Re: [RFC PATCH v7] sched/fair: select idle cpu from idle cpumask for task wakeup

From: Mel Gorman
Date: Thu Dec 10 2020 - 06:37:35 EST


On Thu, Dec 10, 2020 at 04:23:47PM +0800, Li, Aubrey wrote:
> > I ran this patch with tbench on top of of the schedstat patches that
> > track SIS efficiency. The tracking adds overhead so it's not a perfect
> > performance comparison but the expectation would be that the patch reduces
> > the number of runqueues that are scanned
>
> Thanks for the measurement!
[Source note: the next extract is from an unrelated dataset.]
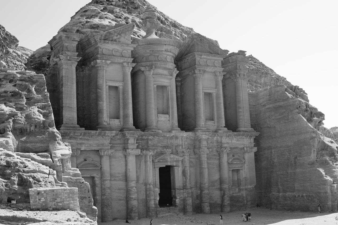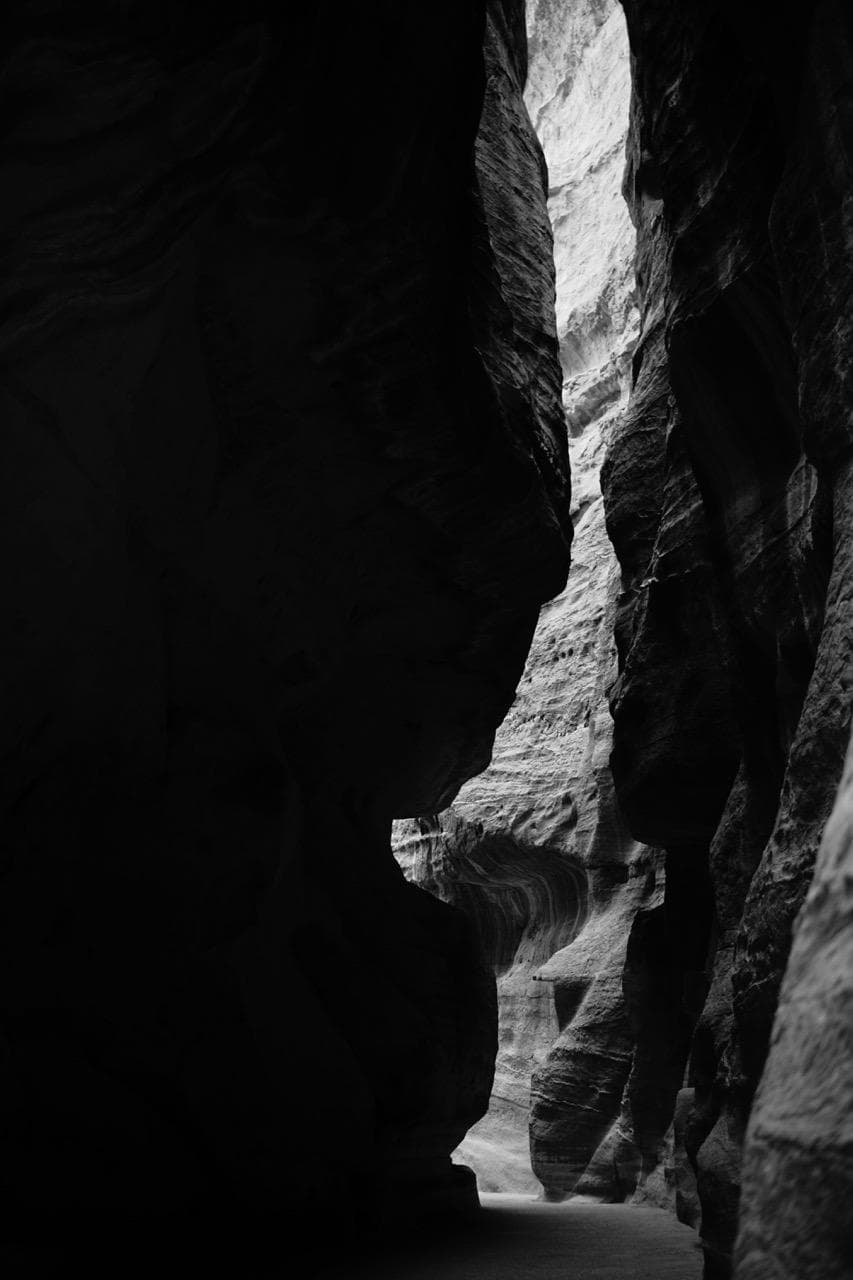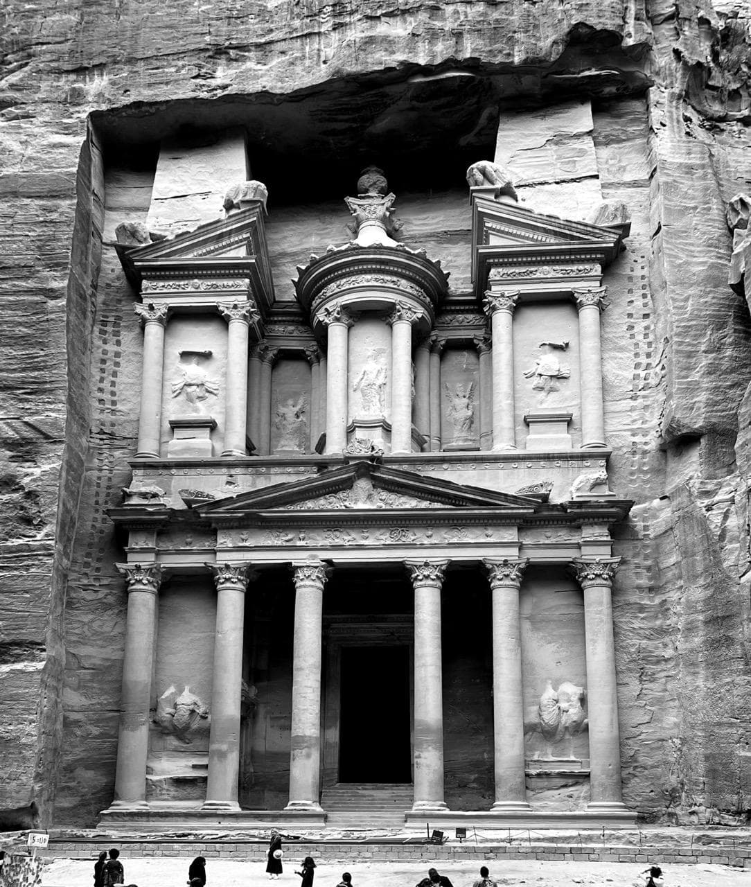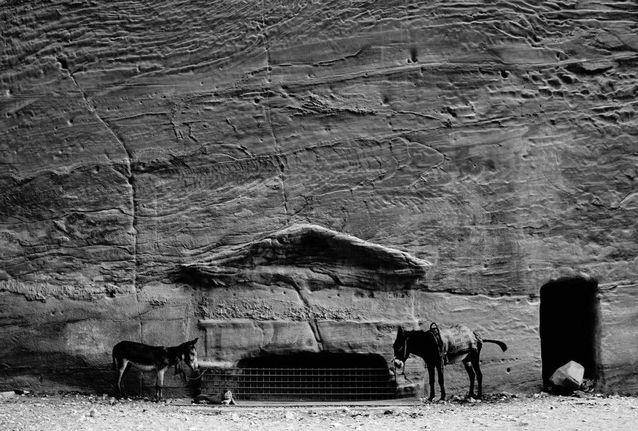 So schlängeln wir uns denn auch, noch etwas verschlafen, das kilometerlange Zugangstal in die Stätte hinein. Begleitet von den Überresten eines ehemals genialen Wasserleitungssystems das den Nabatäern es erst ermöglichte, bis zu 30.000 Menschen an diesem eher unwirtlichen Ort zu beherbergen. Vor jeder Biegung erwarten wir schon das bekannte Schatzhaus, die sicher berühmteste Fassade der Stadt. Aber stattdessen werden wir immer wieder überrascht von neuen, noch beeindruckenderen Felsspalten und ersten, noch meist kleinen, Felsbearbeitungen. Die Landschaft um Petra wäre es schon für sich wert, hier mehrere Tage zu verweilen. Zu allen Seiten türmen sich rote Sandsteinfelsen empor, stilvoll umrahmt von gelegentlichen grünen Büschen. Da fällt es selbst mir, als alten Schwarz-Weiß-Fetischisten, nicht schwer auch ab und zu ein bisschen Farbe durch die Kameralinse träufeln zu lassen.

I don't play with tbench so may need a while
> to digest the data.
>

They key point is that it appears the idle mask was mostly equivalent to
the full domain mask, at least for this test.

> >
> > tbench4
> > 5.10.0-rc6 5.10.0-rc6
> > schedstat-v1r1 idlemask-v7r1
> > Hmean 1 504.76 ( 0.00%) 500.14 * -0.91%*
> > Hmean 2 1001.22 ( 0.00%) 970.37 * -3.08%*
> > Hmean 4 1930.56 ( 0.00%) 1880.96 * -2.57%*
> > Hmean 8 3688.05 ( 0.00%) 3537.72 * -4.08%*
> > Hmean 16 6352.71 ( 0.00%) 6439.53 * 1.37%*
> > Hmean 32 10066.37 ( 0.00%) 10124.65 * 0.58%*
> > Hmean 64 12846.32 ( 0.00%) 11627.27 * -9.49%*
> > Hmean 128 22278.41 ( 0.00%) 22304.33 * 0.12%*
> > Hmean 256 21455.52 ( 0.00%) 20900.13 * -2.59%*
> > Hmean 320 21802.38 ( 0.00%) 21928.81 * 0.58%*
> >
> > Not very optimistic result. The schedstats indicate;
>
> How many client threads was the following schedstats collected?
>

That's the overall summary for all client counts. While proc-schedstat
was measured every few seconds over all client counts, presenting that
in text format is not easy to parse. However, looking at the graphs over
time, it did not appear that scan rates were consistently lower for any
client count for tbench.

> >
> > 5.10.0-rc6 5.10.0-rc6
> > schedstat-v1r1 idlemask-v7r1
> > Ops TTWU Count 5599714302.00 5589495123.00
> > Ops TTWU Local 2687713250.00 2563662550.00
> > Ops SIS Search 5596677950.00 5586381168.00
> > Ops SIS Domain Search 3268344934.00 3229088045.00
> > Ops SIS Scanned 15909069113.00 16568899405.00
> > Ops SIS Domain Scanned 13580736097.00 14211606282.00
> > Ops SIS Failures 2944874939.00 2843113421.00
> > Ops SIS Core Search 262853975.00 311781774.00
> > Ops SIS Core Hit 185189656.00 216097102.00
> > Ops SIS Core Miss 77664319.00 95684672.00
> > Ops SIS Recent Used Hit 124265515.00 146021086.00
> > Ops SIS Recent Used Miss 338142547.00 403547579.00
> > Ops SIS Recent Attempts 462408062.00 549568665.00
> > Ops SIS Search Efficiency 35.18 33.72
> > Ops SIS Domain Search Eff 24.07 22.72
> > Ops SIS Fast Success Rate 41.60 42.20
> > Ops SIS Success Rate 47.38 49.11
> > Ops SIS Recent Success Rate 26.87 26.57
> >
> > The field I would expect to decrease is SIS Domain Scanned -- the number
> > of runqueues that were examined but it's actually worse and graphing over
> > time shows it's worse for the client thread counts. select_idle_cpu()
> > is definitely being called because "Domain Search" is 10 times higher than
> > "Core Search" and there "Core Miss" is non-zero.
>
> Why SIS Domain Scanned can be decreased?
>

Because if idle CPUs are being targetted and its a subset of the entire
domain then it follows that fewer runqueues should be examined when
scanning the domain.

> I thought SIS Scanned was supposed to be decreased but it seems not on your side.
>

It *should* have been decreased but it's indicating that more runqueues
were scanned with the patch. It should be noted that the scan count is
naturally variable because the depth of each individual search is variable.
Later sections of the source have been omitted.